2.3 Proxy / inferred

Used only when no exact public curve is available.

Examples:

  • EPYC 9534 curve derived from the public EPYC 9654 Genoa curve
  • EPYC 9375F curve derived from the public EPYC 9655 Turin curve
  • Xeon Gold 6530 curve derived from official specs plus a family-level Intel proxy

Proxy entries are explicitly marked as such in the hardware catalog.

In practice, this gives Joulie a clear rule:

  • prefer exact runtime or official information,
  • use public measured curves when available,
  • fall back to explicit proxies only when needed,
  • and never pretend a proxy is a direct measurement.

3. Hardware inventory currently modeled

The inventory is now compositional rather than node-class-only.

It is organized around reusable:

  • CPU model entries
  • GPU model entries

Nodes are then understood as:

  • discovered CPU model + count
  • discovered GPU model + count

This is used consistently by:

  • the agent, which discovers raw hardware facts,
  • the operator, which resolves those facts against the inventory,
  • the simulator, which composes node models from the same CPU/GPU entries.
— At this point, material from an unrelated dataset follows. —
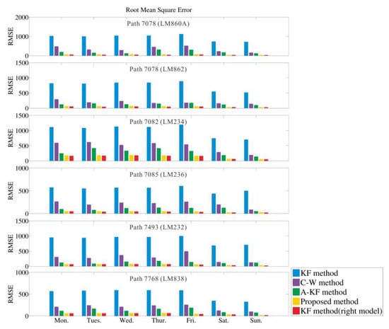 Table 2 displays the RMSE and MAPE (%) values of the assimilation results acquired from the original KF method, the C-W method, the A-KF, and the proposed method based on the L1-norm constraint.

In the codebase, the shared inventory shape lives in:

  • pkg/hwinv/catalog.go
  • embedded catalog data under pkg/hwinv/assets/hardware.yaml

The simulator also keeps its source catalog in:

  • simulator/catalog/hardware.yaml

Matching is alias-based and normalization-based:

  • raw model names discovered by the agent or provided by simulator labels are normalized,
  • then matched against canonical CPU/GPU inventory keys and aliases,
  • and unresolved subsystems fall back independently to generic modeling or no-throttle behavior, depending on what capability exists.
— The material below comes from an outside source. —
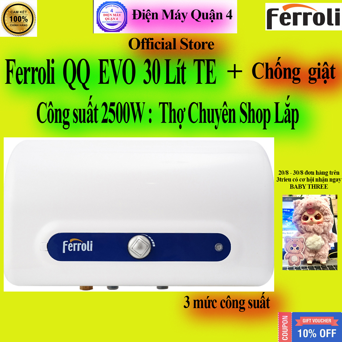 Máy nước nóng Ferroli QQ Evo TE có thanh Mg anode làm mềm nước, bảo vệ ruột bình, cho chất lượng nước tốt. Bên cạnh đó, máy còn được trang bị có chế độ chống giật ELCB an toàn, an tâm khi sử dụng cho gia đình có con nhỏ.

The heterogeneous cluster inventory currently targeted includes:

GPU-equipped nodes

  • NVIDIA H100 NVL + 2x AMD EPYC 9654
  • NVIDIA H100 SXM + 2x Intel Xeon Gold 6530
  • NVIDIA L40S + 2x AMD EPYC 9534
  • AMD Instinct MI300X + 2x AMD EPYC 9534
  • AMD Radeon Pro W7900 + 2x AMD EPYC 9534

CPU-only nodes

  • 2x AMD EPYC 9965
  • 2x AMD EPYC 9375F
  • 2x AMD EPYC 9655

The goal of the inventory is therefore compositional realism, not an exhaustive list of every node SKU that might ever appear in a cluster.

3.1 What happens for hardware not in the inventory

Joulie does not require every simulated platform to be present in the catalog.

Today, hardware is resolved in this order:

  1. discover or provide raw CPU/GPU hardware facts,
  2. match those facts against the inventory when possible,
  3. start from a generic base model when exact inventory coverage is missing,
  4. apply any explicit simulator overrides from SIM_NODE_CLASS_CONFIG,
  5. enrich with measured or proxy catalog data where available.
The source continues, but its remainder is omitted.